Feinberg's pay guidelines could become industry template
Kenneth Feinberg, the "special master" on executive compensation for the Obama administration, is responsible for establishing pay guidelines for senior executives at companies rescued by the U.S. government. Some expect Feinberg's decisions to become a template for the industry. "He's really the administration's spokesperson for what's acceptable compensation," said Mark Borges, a principal at pay consultancy Compensia. "Companies will have to pay attention to what he says." Bloomberg (12 Aug.)

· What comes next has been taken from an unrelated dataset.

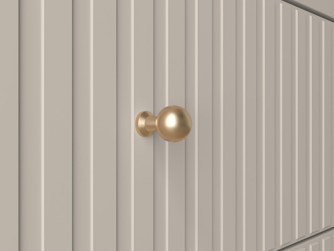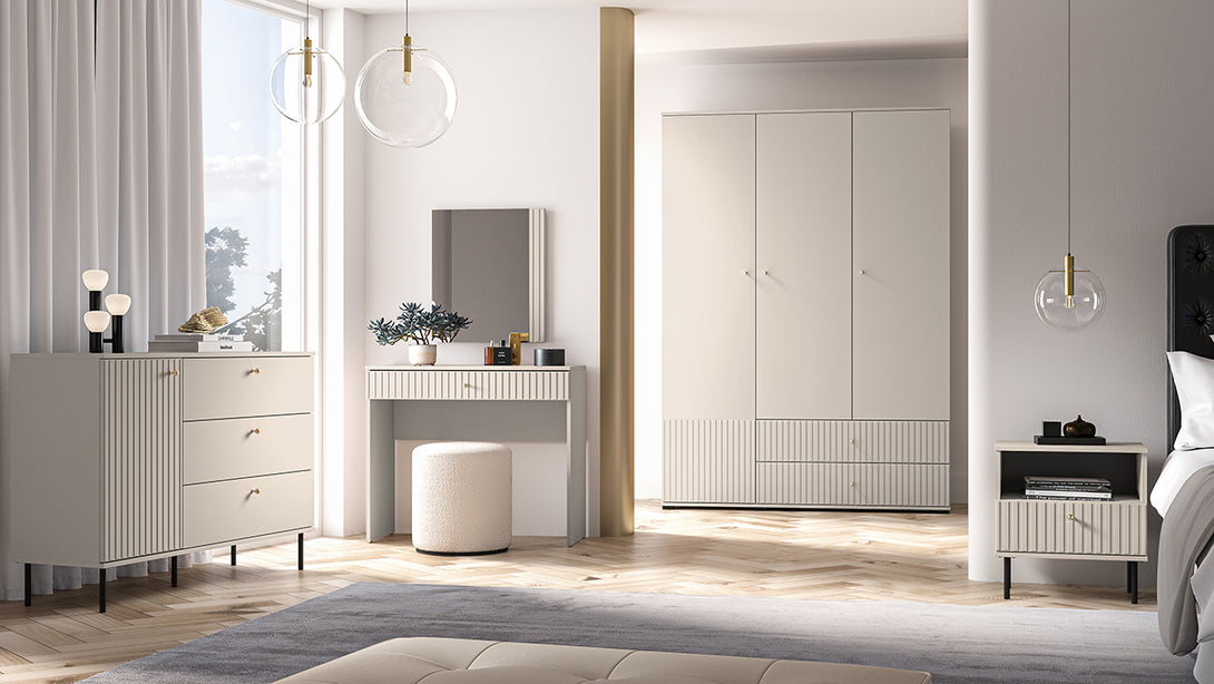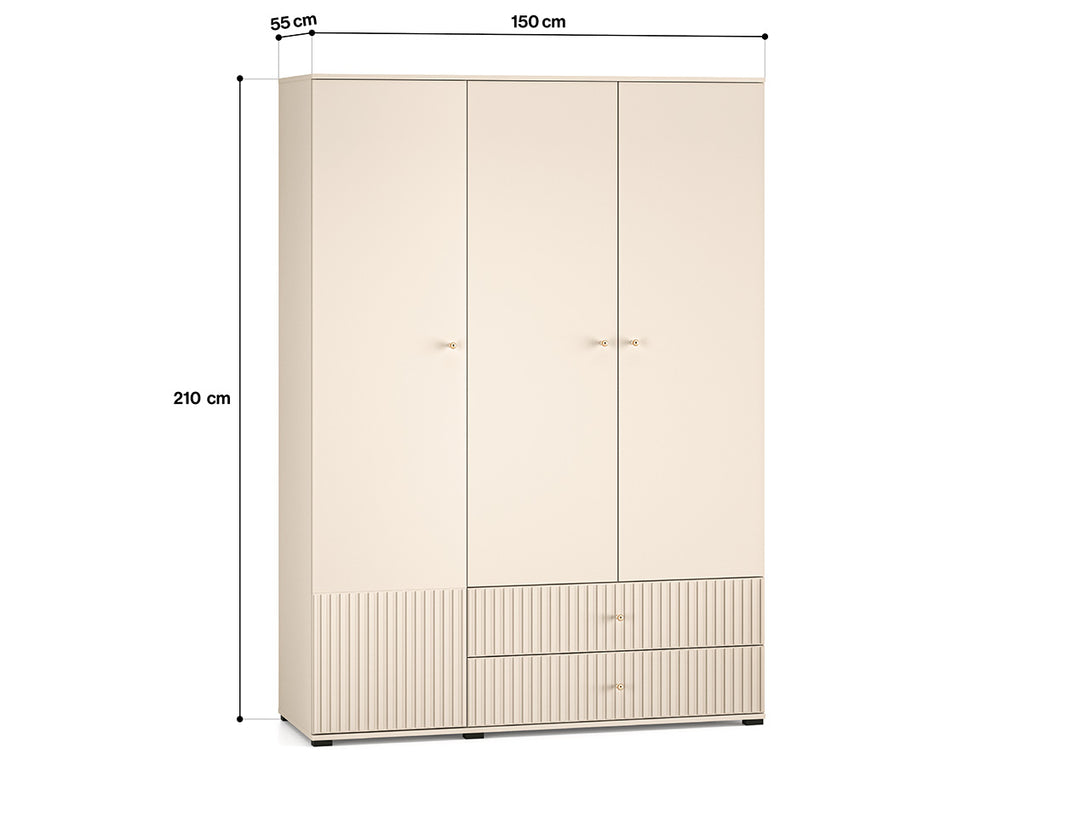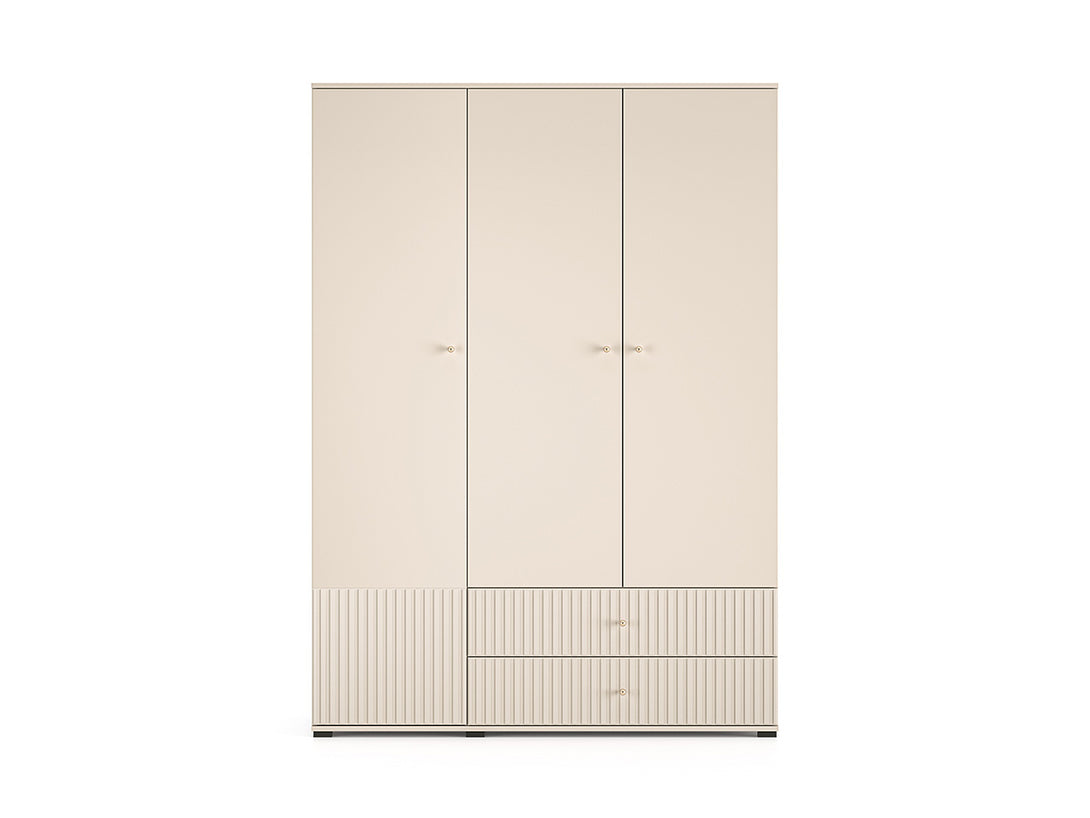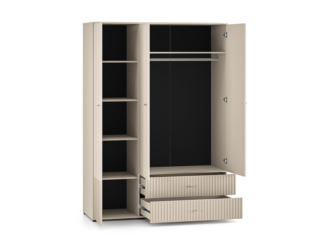 Die hochwertige Verarbeitung mit MDF-Fronten in Kaschmir-Optik, goldfarbenen Metallgriffen und dezenten schwarzen Füßen verleiht dem Möbelstück eine edle Note. Dank Soft-Close-Scharnieren und Vollauszugsschubladen bietet der Kleiderschrank auch höchsten Komfort im täglichen Gebrauch.

*I guess if we don't have a job or a better quality of life then we don't care that we're no longer in a recession?
Statistics signal U.S. recovery with no new jobs, pay hikes
Economic indicators suggesting the U.S. recession is ending are increasing by the day, but those same indicators point to the likelihood that recovery will not mean good times for many Americans. The statistics indicate a recovery with no new jobs, no pay increases, and no growth in tax receipts for cash-strapped state and local governments. "It's going to be a recovery only a statistician can love," said Mark Vitner, senior economist at Wells Fargo. The Washington Post (12 Aug.)


China is not tightening credit, economists say
Although loan growth in China cooled during the past month, economists said the slowdown should not hinder the country's economy. "We do not think that the rapid credit expansion since early 2009 is sustainable and expect normalization for the remainder of the year," said Qing Wang, China economist at Morgan Stanley. "This slowdown in loan growth, therefore, should not be interpreted as policy tightening." (12 Aug.)

Analysis: Central banks can learn something from Australia
As the global recession runs out of steam and governments start wondering how to wind down their economic-stimulus programs, they might be able to learn a few things from Australia's central bank. The Reserve Bank of Australia took early action to cool off what could have become a housing bubble, and it managed to do it without catastrophe. Reuters (12 Aug.)

Wholesale prices in Japan record biggest annual decline
Japan raised the specter of sliding into deflation as wholesale prices dropped 8.5% for the year that ended in July, setting a record. "We're going to see increasing downward price pressure from weak demand," said Takeshi Minami, chief economist at Norinchukin Research Institute. Forbes/Reuters (11 Aug.)

Despite oil-price recovery, Russia's GDP plunges 11% in Q2
Russia's economy contracted 11% in the second quarter, prompting President Dmitry Medvedev to lash out against continued dependence on exports of energy and commodities. "We can't develop like this any further," he said. "It's a dead end. ... We will have to make decisions on changing the structure of the economy." Telegraph (London) (11 Aug.)